= Philetus (biblical figure) =

Early Christian mentioned in the Bible

Philetus (Greek: Φίλητος; fl. 50–65) was an early Christian mentioned by Paul, who warns Timothy against him as well as against his associate in error, Hymenaeus.

==False teaching==
The apostle speaks of Hymenaeus and Philetus as instances of men who were doing most serious injury to the church by their teaching, and by what that teaching resulted in, both in faith and morals. The specific error of these men was that they denied that there would be any bodily resurrection. They treated all Scriptural references to such a state as figurative or metaphorical. They spiritualized it absolutely, and held that the resurrection was a thing of the past. No resurrection was possible, so they taught, except from ignorance to knowledge, from sin to righteousness. There would be no day when the dead would hear the voice of Christ and come forth out of the grave. The Christian, knowing that Christ was raised from the dead, looked forward to the day when his body should be raised in the likeness of Christ's resurrection. But this faith was utterly denied by the teaching of Hymeneus and Philetus.
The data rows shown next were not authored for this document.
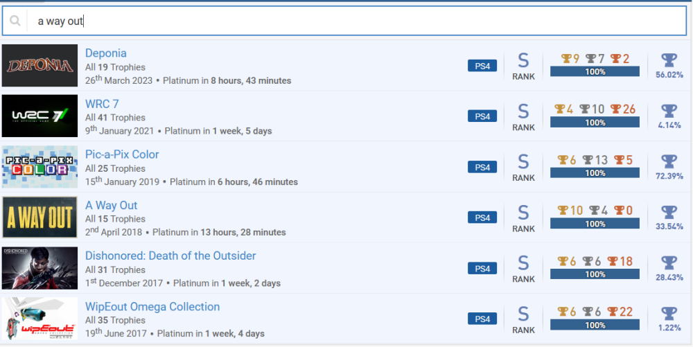 Allgemeine Trophäen E2 - Erspiele fünf Trophäen die "First/Erster/Start" beinhalten. E4 - Erspiele fünf Trophäen die einen Bezug zu Tieren haben. E5 - Komplettiere ein Spiel des Monats. 2x → A Way Out & Deponia wurden abgeschlossen E8 - Komplettiere drei Spiele mit gleichem Genre. → Adventure: God of War Ragnarök, Dead Island 2, Ghostwire Tokyo E10 - Komplettiere drei Spiele mit gleichen Release Jahren. → 2022: Cannibal Cuisine, Grid Legends, God of War Ragnarök E17 - Komplettiere ein Spiel aus dem letzten Event. → Grid Legends (ziemlich mittig auf der Collage) -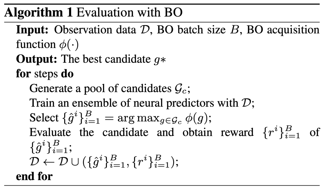 为了提升搜寻效率,该文在候选的生成中采取基于进化的候选更新,并在候选的评估中采用贝叶斯优化(Bayesian optimization,BO)。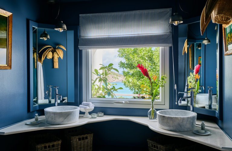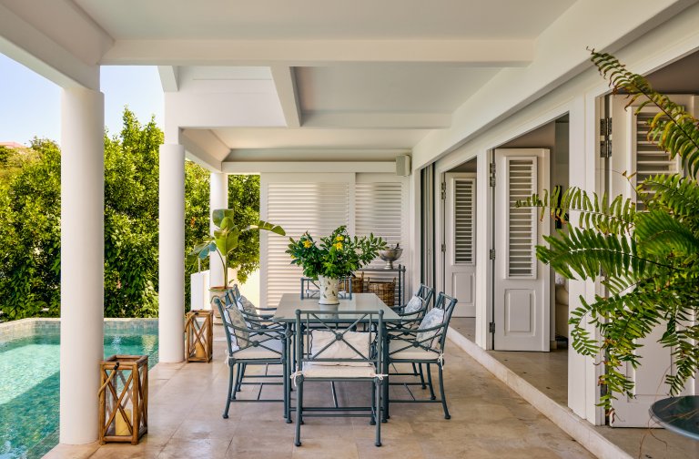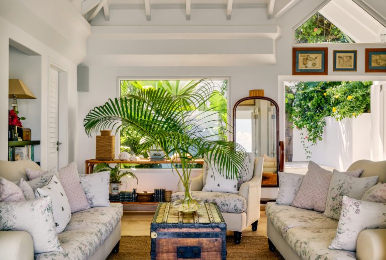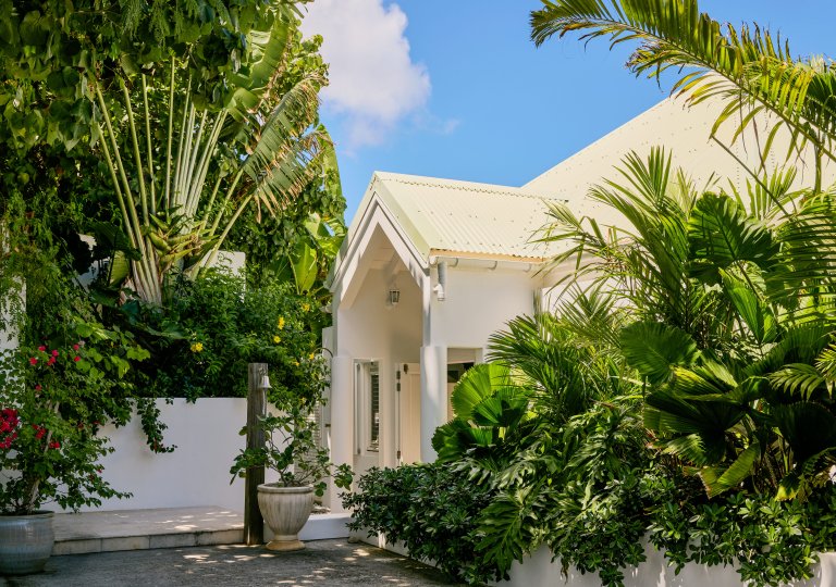 Taking its name from one of the best-known sailing vessels in history, Villa Mayflower (MAY) is inspired by the ideas of travel, discovery, history, and the marriage of the old and new worlds. The newly renovated luxury rental property in Marigot has a St. Barth–style tropical vibe, abundant sunlight, pastel colors, lots of greenery, and Caribbean architecture and style. The layout allows for ample airflow.

This teaching of theirs, Paul tells us, had overthrown the faith of some. It would also overthrow Christian faith altogether, for if the dead are not raised, neither is Christ risen from the dead, and "ye are yet in your sins"

The denial of the resurrection of the body, whether of mankind generally or of Christ, is the overthrow of the faith. It leaves nothing to cling to, no living Christ, who saves and leads and comforts His people. The apostle proceeds to say that teaching of this kind "eats as doth a gangrene," and that it increases unto more ungodliness. As a canker or gangrene eats away the flesh, so does such teaching eat away Christian faith. Paul is careful to say, more than once, that the teaching which denies that there will be a resurrection of the dead leads inevitably to "ungodliness" and to "iniquity."

Hymenaeus and Philetus may have believed in a nascent form of the Christian heresy of Gnosticism.